McNally: If you compare your quality of life and the prospective quality of life for your children with the German quality of life, things are only getting worse. To cite just one example, economist Robert Frank talks about the fact that American families end up moving into neighborhoods they can't afford because that's where the good schools are, and I'm sure this played some role in the mortgage collapse.

Geoghegan: We'd be much more competitive globally if Americans had six weeks off, and had a chance to go and see what people are doing in other countries. We'd come back much more sophisticated about them and probably have better ideas about how to sell things to them.

McNally: You point out that as globalization grew, the US chose to compete on the basis of cheap labor by outsourcing. We kept the marketing and executives here and moved the manufacturing elsewhere. We've been playing that game for 20-30 years now. Germany chose to play the opposite game.

Geoghegan: 30 years later the Germans are making money off of China, and China is making big time money off of us. One thing I really try to get across in the book: Many Americans think that we've got a trade deficit because we can't compete with China. We've got a trade deficit because we can't compete with Germany in selling things to China. Until people wake up and look at the kinds of things that the Germans are doing to keep their manufacturing base, we're going to continue to run deficits which leave us in the clutches of foreign creditors and compromise our autonomy as a country.

McNally: This is something that the right wing should be up in arms about.

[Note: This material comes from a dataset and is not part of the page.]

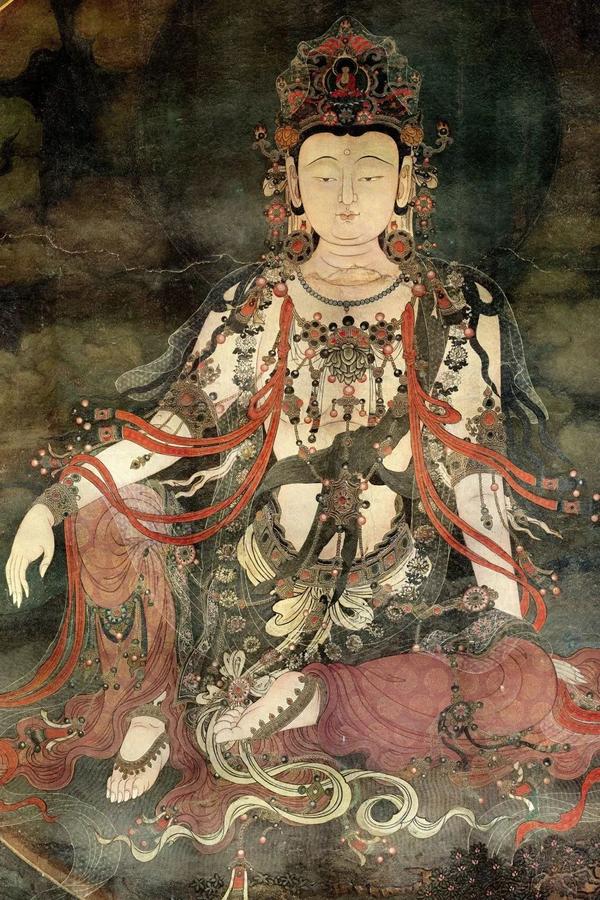 主龛背后的水月观音(局部)身上,薄如蝉翼的纱衣是裸眼3d的效果了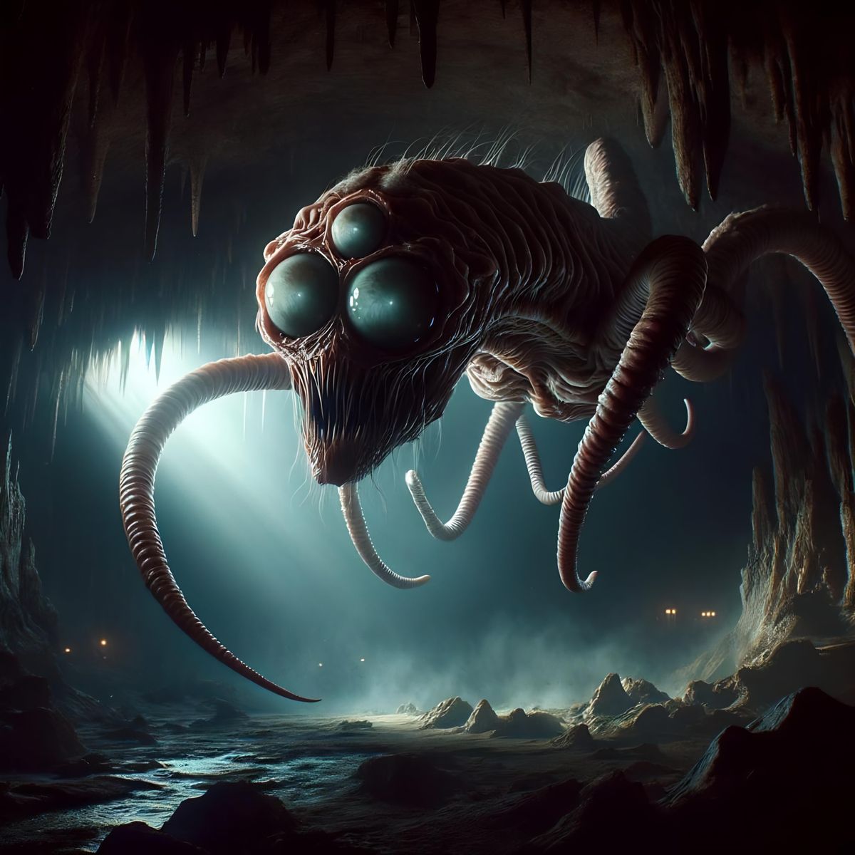 This image shows a hyperdetailed Lurking Strangler floating in a dimly lit underground cavern. The three-foot-long creature has two floating eyeballs connected by a striated muscle strand, with eerie shadows enhancing the ominous atmosphere.

Geoghegan: Absolutely. And they're clueless. They are mortgaging this country's future and they're too stupid to realize it.

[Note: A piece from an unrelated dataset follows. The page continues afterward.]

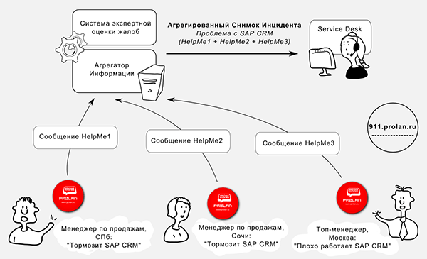 Пример. Предположим, количество жалоб топ-менеджеров из Москвы на работу SAP CRM, в обычные дни не превышающее 3-4, достигло 15 за полдня (при пороговом значении оценки метрики для отправки Агрегированного Инцидента, соответствующем 7 жалобам). Такой рост количества жалоб не может не указывать на серьёзные проблемы в работе самого ИТ-сервиса (SAP CRM) или поддерживающей его ИТ-инфраструктуры.

McNally: This seems like a good point to turn to "10 Things the Dems Could Do To Win," a cover story I wrote for a recent issue of The Nation.

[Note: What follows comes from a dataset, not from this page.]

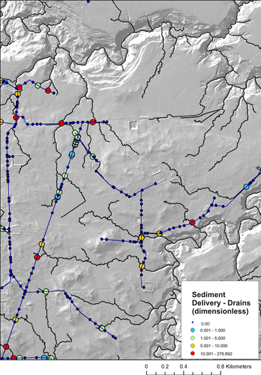 Figure. Starting drains either using the model, or loaded Figure. Predicted sediment production.

Geoghegan: The Democrats have to do something for their base, keep it simple and make it universal. Unlike the healthcare bill which was perceived as a handout for "them", the uninsured, many of them in red states. Democrats should focus on things that either give a direct benefit to people or give them a sense of power.

For example, increase Social Security so that it's a real public pension -- push Social Security benefits up to 50% of people's income. Of course we can't do this overnight, but we can set it as a serious goal.

McNally: Social security in the US is 39% at this point. In Germany it was 67%, but it's dropped?

Geoghegan: To the low fifties. But people have tons of money in the bank over there, there's a high savings rate and, at least in the unions, they also have private pensions that work much better than in the US.

McNally: They also don't graduate college with thousands of dollars of debt that many will carry for the rest of their lives.

Geoghegan: They do have a demographic crisis that they're going to have to get through, but they've protected the system.

McNally: Raising social security to 50% of working income means that when you go on to social security you'll get half of what you were getting when you were working. Currently you get less than two-fifths.

Geoghegan: The top 20 developed countries have an average rate of something like 60%, so we can do this.

My second proposal is simply the most effective way to move ultimately to a single payer healthcare system, which I think we have to do. I would say that even if I didn't think single payer were a better system. You have to have one consistent system of payment to get control of healthcare costs. All the European countries do. It doesn't have to be single payer, but it has to be a consistent system. You can't have a mix of private market and single payer.

Let's lower Medicare's eligibility to 55. What brought back GM and Chrysler? The government came in and took away their retiree healthcare costs. We've got to lower labor costs not by bringing down wages -- that would be a disaster, but by having the government assume wage labor costs that are making us less competitive. People of 55-65 will all vote for you because it will change their lives.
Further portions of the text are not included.